Особенно актуальной была данная проблема в Восточном Закавказье. Здесь царские власти столкнулись с весьма специфической ситуацией. Дело в том, что на момент инкорпорации Закавказья в состав Российской империи здесь проживала достаточно большая масса тюркоязычного населения, которая все еще не составляла единого народа. Связано это было со спецификой Ирана периода Сефевидов и последующих династий, когда тюркский элемент не консолидировался в единый этнос, сохраняя в качестве основы идентичности шиизм и племенную принадлежность, что давало возможность поддержания внутреннего единства Ирана и двуядерности его титульного государствообразующего этнонационального компонента.
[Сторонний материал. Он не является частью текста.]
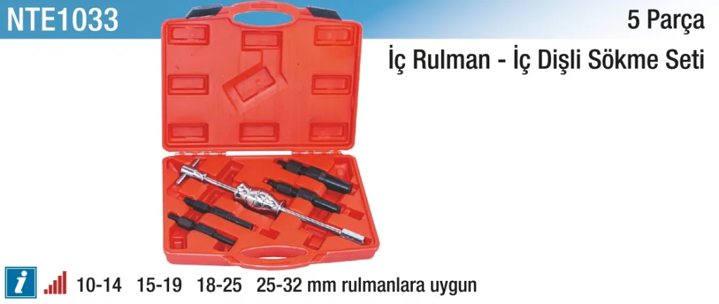 5 Parça İç Rulman - İç Dişli Sökme Seti, otomobil, motosiklet, endüstriyel makineler ve küçük motorlardaki iç rulman ve dişli sökme işlemleri için geliştirilmiştir. Dar alanlarda çalışmaya uygun, sağlam çelikten üretilmiş aparatlar sayesinde iç rulmanlar hızlı ve güvenli şekilde çıkarılır.

Однако если в составе Персии это было стратегически важным императивом, относительно стабильным состоянием, одним из ключевых компонентов безопасности страны и гарантией ее единства, то с такой конфигурацией в составе России дело обстояло иначе. Могла сложиться ситуация, при которой в среде достаточно многочисленного этнического массива, оторванного от своего бывшего государства и соответственно лишившегося доминирующего положения в его этнополитической структуре, начались бы неизбежные процессы новой этнополитической «кристаллизации».

Эта кристаллизация могла вызвать новые и нежелательные проблемы геополитического характера. Несмотря на этническую разношёрстность, к моменту вхождения Восточного Закавказья в состав Российской империи у вышеуказанного этнорелизиозного массива сохранялись две основные составляющие этнонациональной идентичности – язык и религия. В составе Ирана доминирующим был религиозный компонент – шиизм, а племенная и языковая принадлежность скорее были атрибутами субэтничности. В составе России, оторванный от своей прежней среды, шиитский этнорелигиозный массив, естественно, мог стать тяготеющим к Ирану.
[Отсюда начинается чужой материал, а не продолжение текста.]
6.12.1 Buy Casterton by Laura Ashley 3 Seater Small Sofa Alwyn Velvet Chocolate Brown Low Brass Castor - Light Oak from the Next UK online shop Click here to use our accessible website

С другой стороны, в составе России, несравненно более передовой в промышленном, экономическом и культурном плане стране, чем региональные государства, язык, как составляющая этнонациональной принадлежности, мог стать равнозначной с религией составляющей идентичности, а затем и стать определяющим его компонентом, особенно в век бурного его развития в ХIХ веке. В таком случае, мог начаться геополитический и этнокультурный дрейф тюркского этнополитического массива Восточного Закавказья в сторону Турции.

И первый, и второй сценарий был не в интересах России, поэтому необходимо было сделать все возможное для того, чтобы предотвратить обе эти возможности.

Но принятие важных решений геополитического характера, особенно в стратегически важнейших регионах, требовало тщательного изучения этнокультурной специфики, социально-бытового положения, истории и других аспектов жизни народов, населяющих данное пространство, в частности, тех, которые были в центре особого внимания.

Надо отметить, что изучение народов и описание этнонационального состава населения Восточного Закавказья началось еще до присоединения региона к России. Весьма интересные сведения о Восточном Закавказье имеются в первой части работы участника посольства Артемия Петровича Волынского, посланного Петром I в Персию в 1715-18 гг., шотландцем Джоном Бельем. Вот один из отрывков, касающихся этнонацинального состава Ширвна: «Городъ Шамахія лежитb около сороковаго степеня Северныя широты. Древле составлялъ онъ часть Мидіи, ныне онъ находится Столицею великія Провинціи, называемыя Ширванъ… Наибольшую часть жителей составляютb Персы: находится также тамъ знатное число Грузинцовъ и Армянъ. Народъ тамошній говоритъ по Турецки; но чиновные люди по Персидски. Воздухъ тамъ гораздо здоровее, нежели въ другихъ городахъ стояіщихъ при Каспійскомъ море».

Затем тюркские наречия Кавказа в российском научном обществе стали рассматриваться как диалекты татарского языка. Чем было это обусловлено, однозначно сказать трудно. Возможно, это было связано с тем, что с началом монголо-татарского нашествия и на протяжении последующих столетий для русского мира основным представителем тюрков были татары, язык которых был тождественен практически всем тюркским диалектам. Так, в одном из официальных изданий, описывающих Закавказье, указано, что «К татарскому племени принадлежат: 1) татары, 2) турки (османли), 3) сельджукские турки, 4) казахи или казахцы».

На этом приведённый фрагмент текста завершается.